Work task:
Word for word, retype the lines from the one containing "热烈祝贺九天无人机首飞成功。" to the one containing "The MultiCam Dump" below, keeping both end lines and dropping the pictures.

Supplied material:

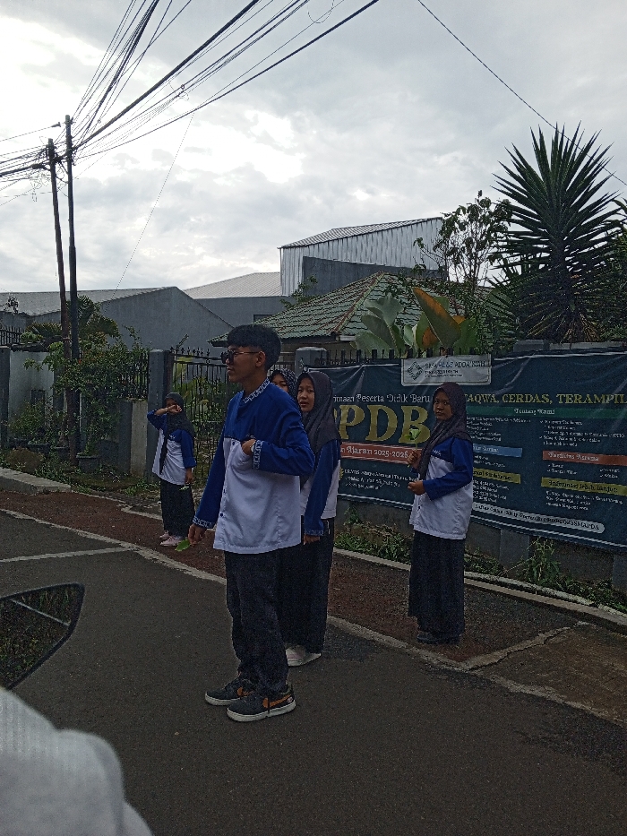 A group of four young people wearing matching blue and white outfits stand in a row on the side of a street. The first person is a boy, and the other three are girls with hijabs. Behind them is a fence with a banner that reads "SKPLAADOA SAH imaan Peserta Didik Baru PDB in Haran 2025-2025 AQWA, CERDAS, TERAMPIL." The banner also includes text about school activities. The sky is cloudy, and there are some buildings in the background.
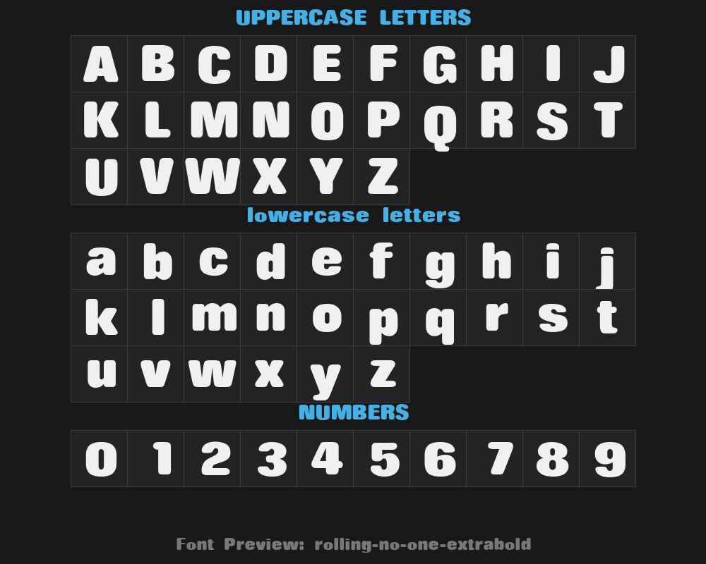 rolling-no-one-extrabold is a font file with a size of 0.03 MB. The full font name is Rolling No One ExtraBold, 1.0 version. It contains 196 characters, supports 8 Chinese characters. The copyright belongs to Rolling No One. rolling-no-one-extrabold font is available for free download, but commercial use requires confirmation on the Rolling No One official website whether it's free for commercial use.
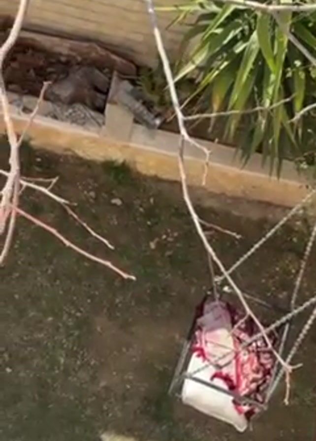 n outdoor scene from an elevated perspective, likely a balcony or upper floor. In the foreground, branches of a bare tree frame the view. Below, there is a small patch of green grass. To the right, a metal framed swing, suspended by chains, sits motionless, containing a white pillow and a maroon patterned blanket. Behind the grass patch, there is a low retaining wall of light-colored bricks. Behind the wall are some green plants and some discarded materials. The light suggests it is daytime.
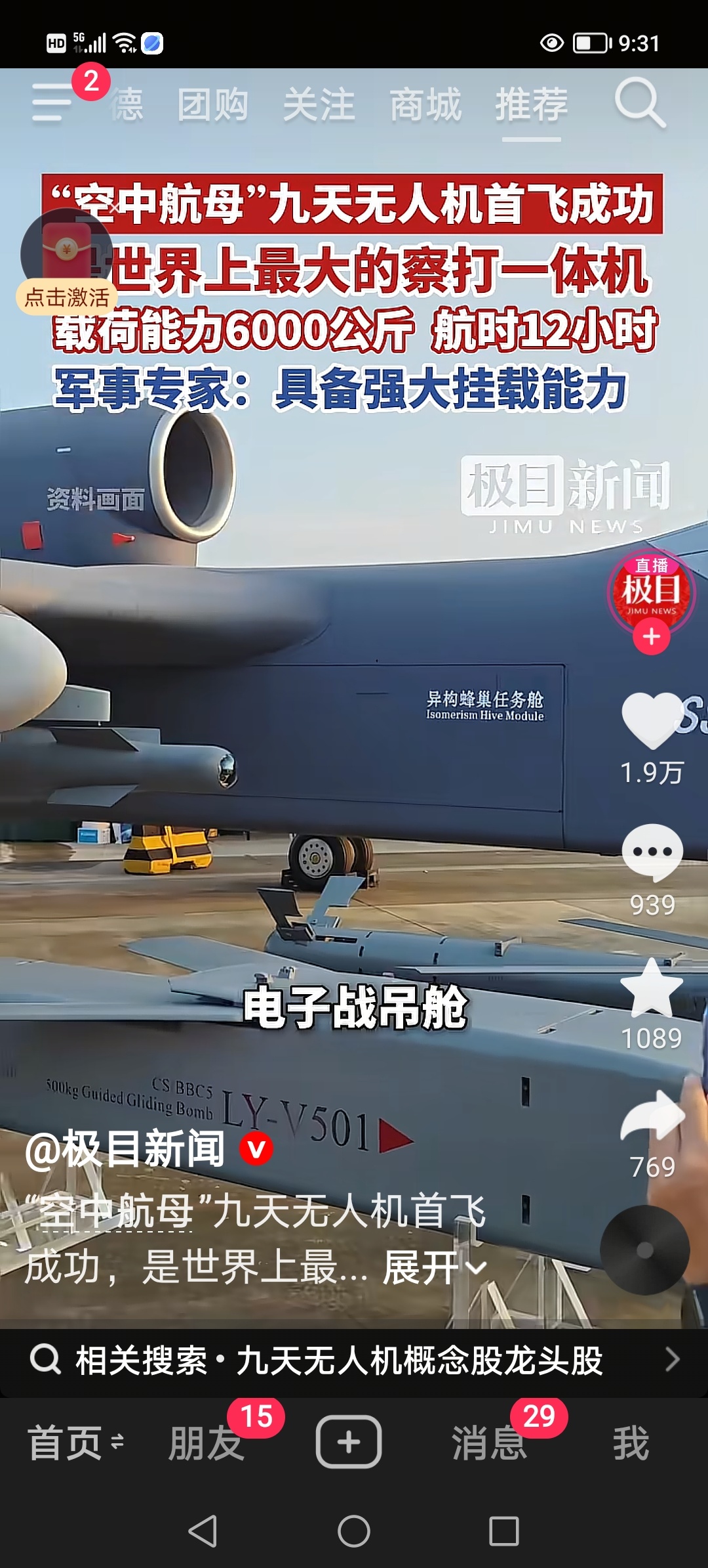 热烈祝贺九天无人机首飞成功。
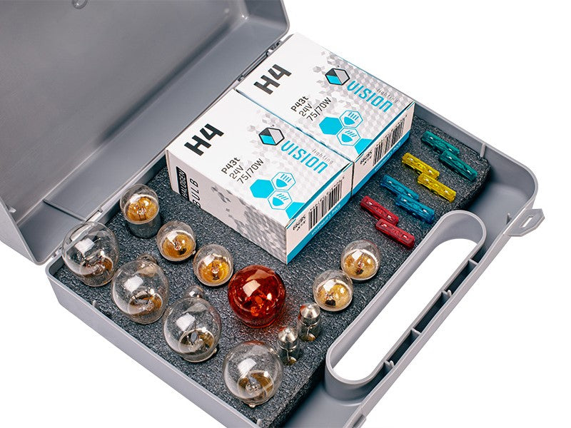 A VISION 2x H4 24V 75/70W + 22 elemű izzó pótlólagos készlet egy kiváló megoldás, ha tartós és megbízható fényforrást keres autójához. Az izzók ideálisak a jármű belsejének és a rendszámtáblák megvilágítására, így biztosítva a megfelelő láthatóságot és biztonságot a közlekedés során.
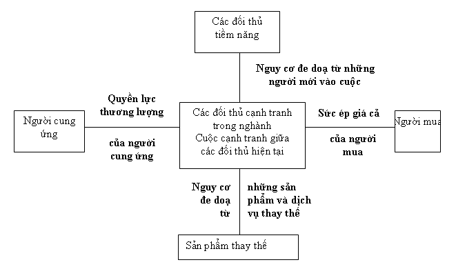 Trong nền cạnh tranh kinh tế thị trường, bất kỳ một doanh nghiệp nào hoạt động trên thị trường cũng đều phải chịu một áp lực cạnh tranh nhất định, mà hiện trạng cuộc cạnh tranh phụ thuộc vào 5 lực lượng cạnh tranh cơ bản, được biểu diễn bởi mô hình sau:
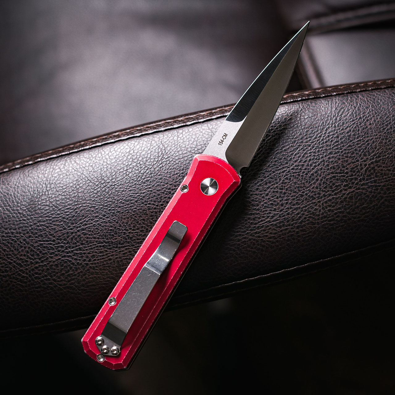 This model features a solid battleworn red anodized 6061-T6 aluminum handle. Satin finished 154-CM stainless steel blade. Satin finished hardware. Satin finished pocket clip. Pearl button. Brand new in box.
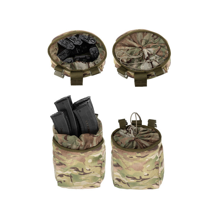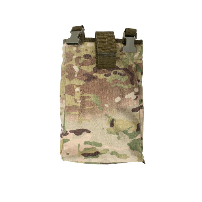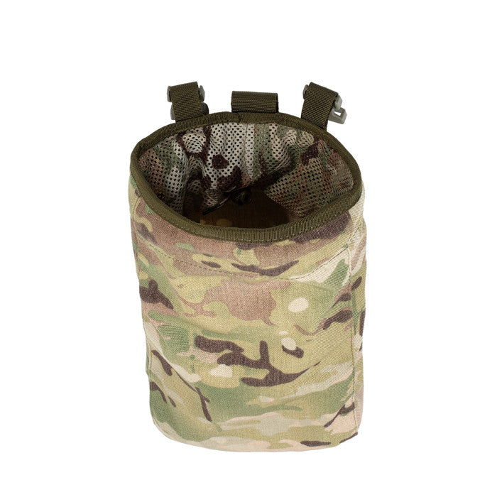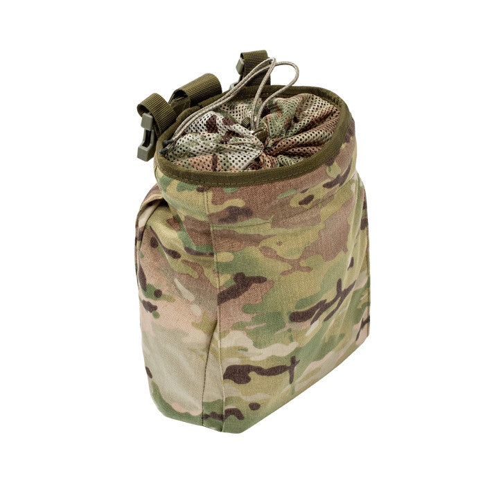 The MultiCam Dump Bag is an essential tool for combat situations, designed to allow for quick and efficient magazine drop during active operations. Its robust construction ensures that it maintains its shape and remains open for easy access.
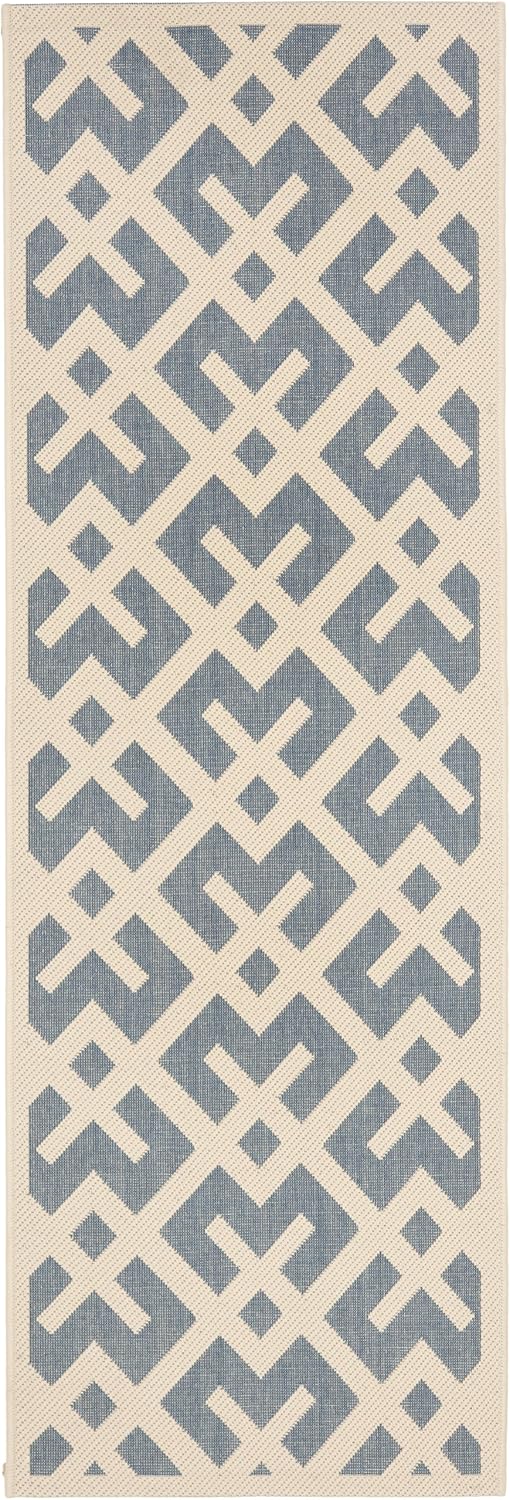 Safavieh's Courtyard collection is inspired by timeless designs crafted with the softest polypropylene available. This rug is crafted using a power-loomed construction and features a main accent color of Blue. Perfect for any backyard, patio, deck or poolside, this rug will instantly turn your outdoor area into a resort-style entertaining space. Finely crafted for seasons in the sun and years of open-air gatherings, the Courtyard rug instantly elevates any interior or exterior décor to a space of visual inspiration. More than a decorative enhancement, this rug is both and -ant to ensure carefree maintenance. With its style, practicality, and transitional decorating options, this rug extends an open invitation to gather and may just spark impromptu parties. Primary Color: blue Pile Height: 0.25 inchesStyle: ContemporaryConstruction: Power-loomedRug Type: Indoor/OutdoorFeature: Latex FreeRug Dimensions: 2'3" x 6'7"

Exercise output:
 热烈祝贺九天无人机首飞成功。
 A VISION 2x H4 24V 75/70W + 22 elemű izzó pótlólagos készlet egy kiváló megoldás, ha tartós és megbízható fényforrást keres autójához. Az izzók ideálisak a jármű belsejének és a rendszámtáblák megvilágítására, így biztosítva a megfelelő láthatóságot és biztonságot a közlekedés során.
 Trong nền cạnh tranh kinh tế thị trường, bất kỳ một doanh nghiệp nào hoạt động trên thị trường cũng đều phải chịu một áp lực cạnh tranh nhất định, mà hiện trạng cuộc cạnh tranh phụ thuộc vào 5 lực lượng cạnh tranh cơ bản, được biểu diễn bởi mô hình sau:
 This model features a solid battleworn red anodized 6061-T6 aluminum handle. Satin finished 154-CM stainless steel blade. Satin finished hardware. Satin finished pocket clip. Pearl button. Brand new in box.
 The MultiCam Dump Bag is an essential tool for combat situations, designed to allow for quick and efficient magazine drop during active operations. Its robust construction ensures that it maintains its shape and remains open for easy access.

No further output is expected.